Synthetic resins or natural rubbers -- part of the class 520 ser – Synthetic resins – Cellular products or processes of preparing a cellular...
Reexamination Certificate
2001-04-06
2002-03-12
Foelak, Morton (Department: 1711)
Synthetic resins or natural rubbers -- part of the class 520 ser
Synthetic resins
Cellular products or processes of preparing a cellular...
C521S060000
Reexamination Certificate
active
06355697
ABSTRACT:
FIELD OF THE INVENTION
The present invention is directed to processes for impregnating emulsion based seeds.
In particular, the present invention is directed to processes for impregnating emulsion based seeds while minimizing the formation of polymeric, emulsion based seeds having undesirably small sizes.
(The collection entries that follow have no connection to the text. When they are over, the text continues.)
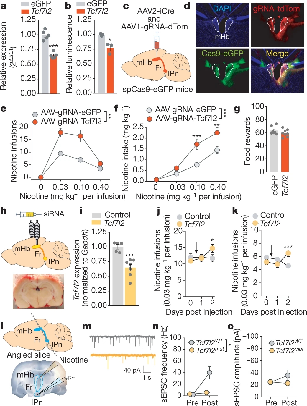 前文的方法降低了所有细胞中TCF7L2的表达量,为进一步探究mHb神经元中TCF7L2的功能,作者使用CRISPR-Cas9系统降低TCF7L2表达,他们在spCas9-eGFP小鼠的mHb中注射AAV-Cre和AAV-sgRNA-Tcf7l2,发现这些小鼠的烟碱摄取量显著提高,而食物摄取量不变(图2a-g)。他们还使用了siRNA方法降低mHb神经元中TCF7L2表达,得到相似结果(图2h-k)。以上结果表明,mHb神经元中TCF7L2调控机体对尼古丁的摄取。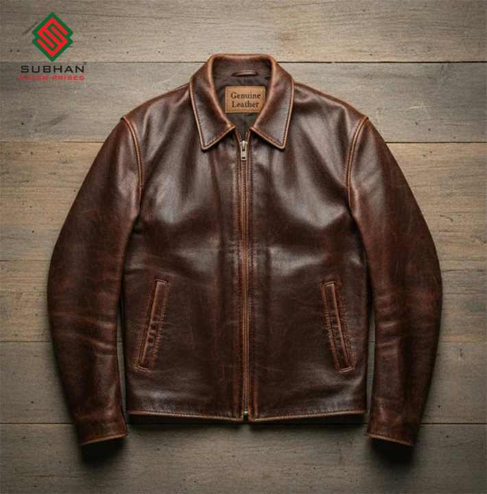 Chaqueta de Cuero Sintético Marrón Hecha a Mano para Hombre | Chaqueta Bomber Casual Estilo Motero Vintage | Ropa de Motociclista Clásica Retro con Forro de Lana
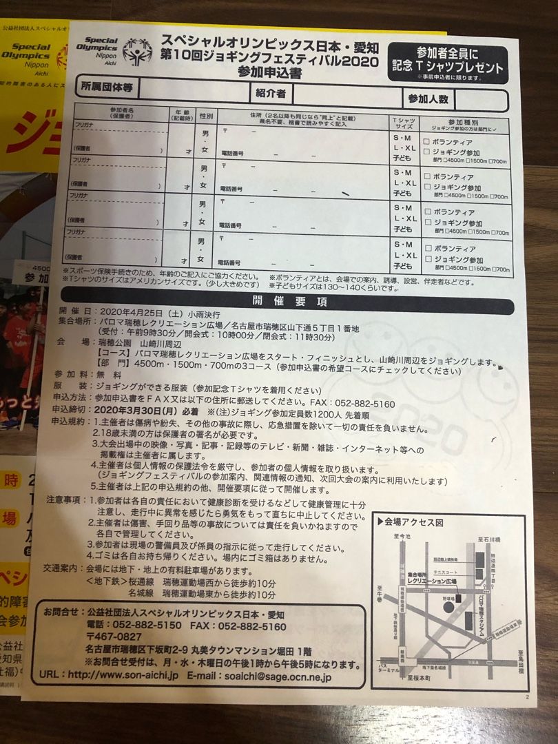 さて、毎年家族で参加しているジョギングフェスティバルに申し込みしました。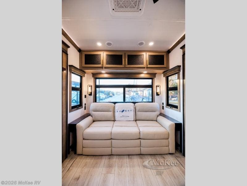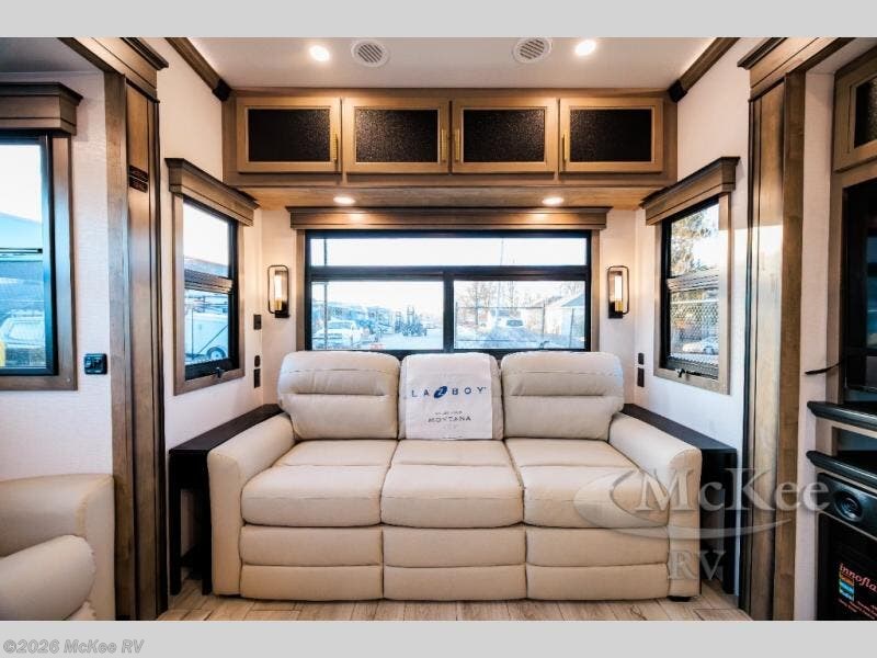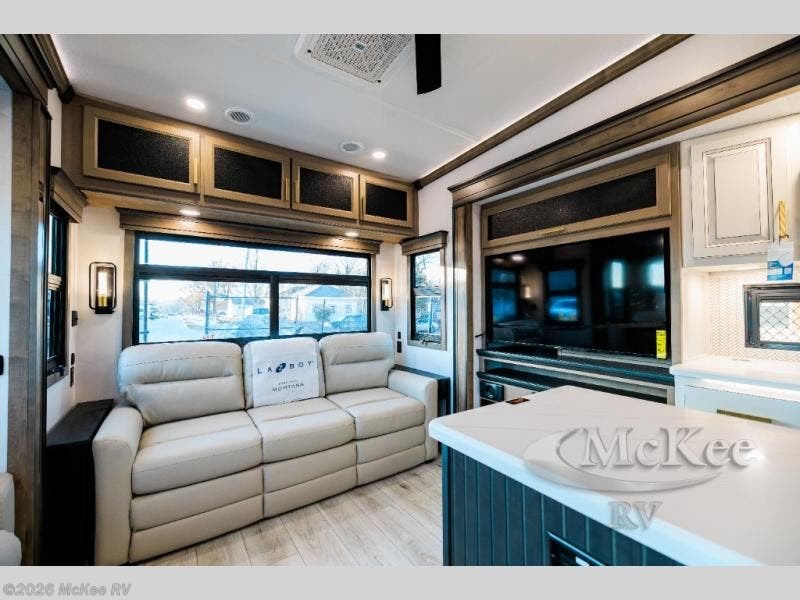 Enjoy luxury, innovation, and the outdoors in any one of Montana's finest fifth wheels. Each set the standard with exceptional features, and exciting factory installed options to provide you a great home on the road. Keystone's 12" I-beam chassis with z-frame technology provides a strong and durable foundation to your fifth wheel, and the four season living package will help extend your camping season. A few other construction features you will appreciate include a MORryde CRE3000 suspension, a fully walkable roof with an alpha seamless TPO membrane system, and 4k square frameless tinted safety glass windows. Each feature stylish interiors with two decor choices paired with beautiful hardwood cabinetry, Beauflor vinyl flooring throughout, central vacuum, plus a La-Z-Boy furniture package for all-around comfort!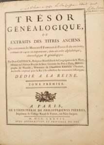 Trésor généalogique, ou Extraits des titres anciens qui concernent les maisons & familles de France & des environs, connues en 1400 ou auparavant ; dans un ordre alphabétique, chronologique & généalogique. Dédié à la Reine. Tome premier [seul paru]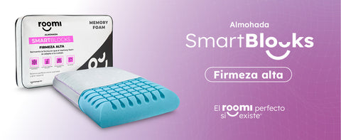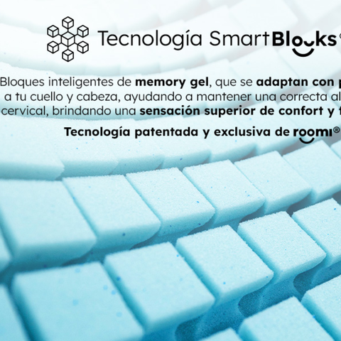 Descubre la nueva forma de dormir con la almohada SmartBlocks® de roomi, creada para quienes buscan descanso inteligente y confort absoluto. Su estructura de bloques inteligentes de memory gel se adapta con precisión a tu cuello y cabeza, reduciendo la tensión cervical.
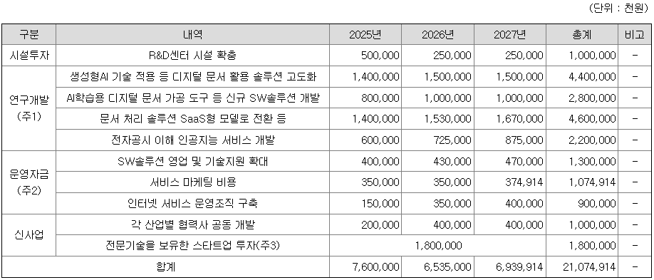 [공모자금 사용계획]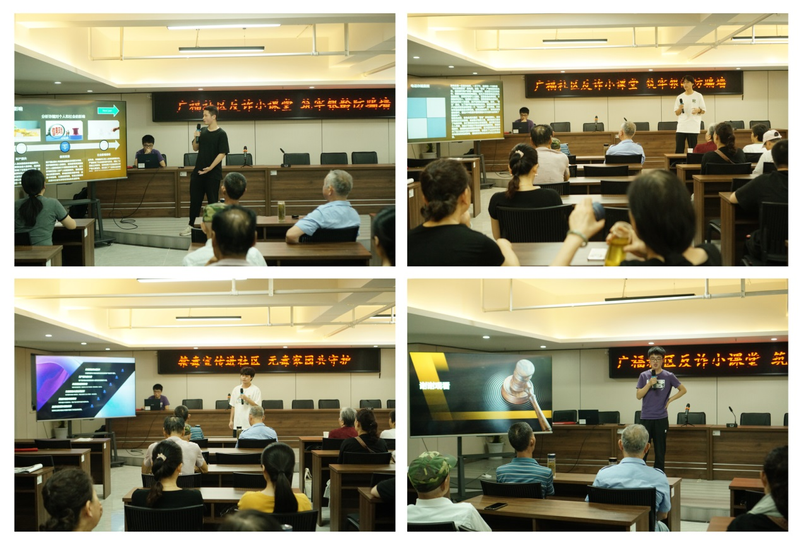 活动以“共筑普法反诈城墙”为主题,共分为五个环节。团队成员轮番上阵,从诈骗定义、常见诈骗手段、诈骗案例、防诈技巧,国家反诈中心APP的使用方法等多个角度进行了生动解说,引导社区居民识别诈骗陷阱,提高反诈意识。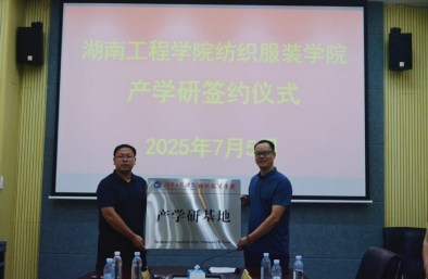 程浩南代表纺织服装学院分别与湖南融璟竹材科技有限公司、湖南享同实业有限公司2家企业负责人签订了“产学研”合作协议并授牌。双方协定在教育教学、人才培养、科学研究、社会实践、实习就业等方面开展互惠合作和交流。

BACKGROUND OF THE INVENTION
Styrenic polymers have a wide variety of applications, including the formation of expanded polystyrene which can be used to make a variety of products. Processes for forming styrenic polymers include emulsion polymerization, suspension polymerization, and the use of particular suspension or emulsion aids. Attempts have been made to reduce the production of styrenic polymeric particles having undesirably small sizes, referred to as “fines”.
For example, U.S. Pat. No. 4,091,054 discloses a suspension polymerization process for the formation of polystyrene particles. The method uses a polymerization catalyst solution formed by dissolving 60 to 100 weight percent of the total polymerization catalyst to be used in 1 to 10 weight percent of the total styrenic monomer, and a monomer solution containing 90 to 99 weight percent of the total styrenic monomer and the remaining 0 to 40 weight percent polymerization catalyst. The two solutions are added separately, dropwise, to a suspension of smaller styrenic polymer particles, having sizes less than the desired final size, and the monomer polymerizes with the smaller particles to form the desired particles. While the '054 patent discloses that particle sizes in the range 0.6 to 2.5 mm can be obtained, the dropwise addition that is a critical feature of the process can result in undesirably long reaction times.
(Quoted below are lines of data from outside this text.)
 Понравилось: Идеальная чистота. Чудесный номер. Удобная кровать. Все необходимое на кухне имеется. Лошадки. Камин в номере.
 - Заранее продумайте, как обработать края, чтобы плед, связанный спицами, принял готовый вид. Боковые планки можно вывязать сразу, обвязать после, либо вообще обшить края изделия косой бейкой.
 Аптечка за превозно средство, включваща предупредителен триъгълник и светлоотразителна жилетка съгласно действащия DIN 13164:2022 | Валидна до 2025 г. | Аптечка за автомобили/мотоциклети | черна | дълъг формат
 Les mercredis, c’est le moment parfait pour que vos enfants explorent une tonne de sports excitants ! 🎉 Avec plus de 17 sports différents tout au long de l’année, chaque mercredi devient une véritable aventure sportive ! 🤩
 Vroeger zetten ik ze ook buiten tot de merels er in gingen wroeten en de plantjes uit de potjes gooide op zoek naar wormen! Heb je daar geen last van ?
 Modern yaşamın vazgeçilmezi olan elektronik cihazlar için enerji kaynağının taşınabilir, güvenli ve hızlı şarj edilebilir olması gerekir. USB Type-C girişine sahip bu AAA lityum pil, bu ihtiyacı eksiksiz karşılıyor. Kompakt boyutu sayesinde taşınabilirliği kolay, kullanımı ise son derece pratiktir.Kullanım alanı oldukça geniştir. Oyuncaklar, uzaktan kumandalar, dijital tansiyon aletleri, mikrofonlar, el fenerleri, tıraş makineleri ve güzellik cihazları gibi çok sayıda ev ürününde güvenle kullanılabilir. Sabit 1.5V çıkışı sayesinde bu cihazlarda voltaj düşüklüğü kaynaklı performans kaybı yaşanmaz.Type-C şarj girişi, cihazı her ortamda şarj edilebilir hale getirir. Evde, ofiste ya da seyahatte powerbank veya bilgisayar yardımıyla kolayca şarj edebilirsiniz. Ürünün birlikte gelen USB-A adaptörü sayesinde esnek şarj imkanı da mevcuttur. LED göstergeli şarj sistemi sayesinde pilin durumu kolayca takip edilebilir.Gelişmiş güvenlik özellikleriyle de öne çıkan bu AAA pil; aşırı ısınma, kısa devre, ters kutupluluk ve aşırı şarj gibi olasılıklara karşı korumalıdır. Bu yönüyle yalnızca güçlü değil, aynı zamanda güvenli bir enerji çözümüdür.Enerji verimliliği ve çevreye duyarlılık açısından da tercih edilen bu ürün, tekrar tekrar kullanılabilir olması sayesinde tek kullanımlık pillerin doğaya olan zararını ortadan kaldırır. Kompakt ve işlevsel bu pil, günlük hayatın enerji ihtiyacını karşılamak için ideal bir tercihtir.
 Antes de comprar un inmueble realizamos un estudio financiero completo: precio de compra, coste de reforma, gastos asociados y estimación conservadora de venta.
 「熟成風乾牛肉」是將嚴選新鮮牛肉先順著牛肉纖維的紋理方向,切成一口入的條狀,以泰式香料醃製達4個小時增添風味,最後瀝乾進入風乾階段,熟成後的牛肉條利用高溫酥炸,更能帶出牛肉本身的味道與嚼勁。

U.S. Pat. No. 4,333,969 discloses an emulsion polymerization process that uses an aqueous emulsion containing styrenic monomer, a polymerization catalyst, and a nonionic surfactant that is an ethylene oxide condensate of an alkylphenol. The surfactant contains at least 50 moles of ethylene oxide per mole of alkylphenol. The emulsion is added to an aqueous suspension of styrenic polymer beads and the monomer polymerizes to form larger styrenic polymer particles. The patent discloses that polymeric beads of a predictable size can be formed. However, emulsion processes often require larger reaction vessels due to the high volumes of water that are generally used. Also, the required dispersion aids and/or surfactants can result in increased costs and handling for emulsion processes as compared with solution or suspension processes.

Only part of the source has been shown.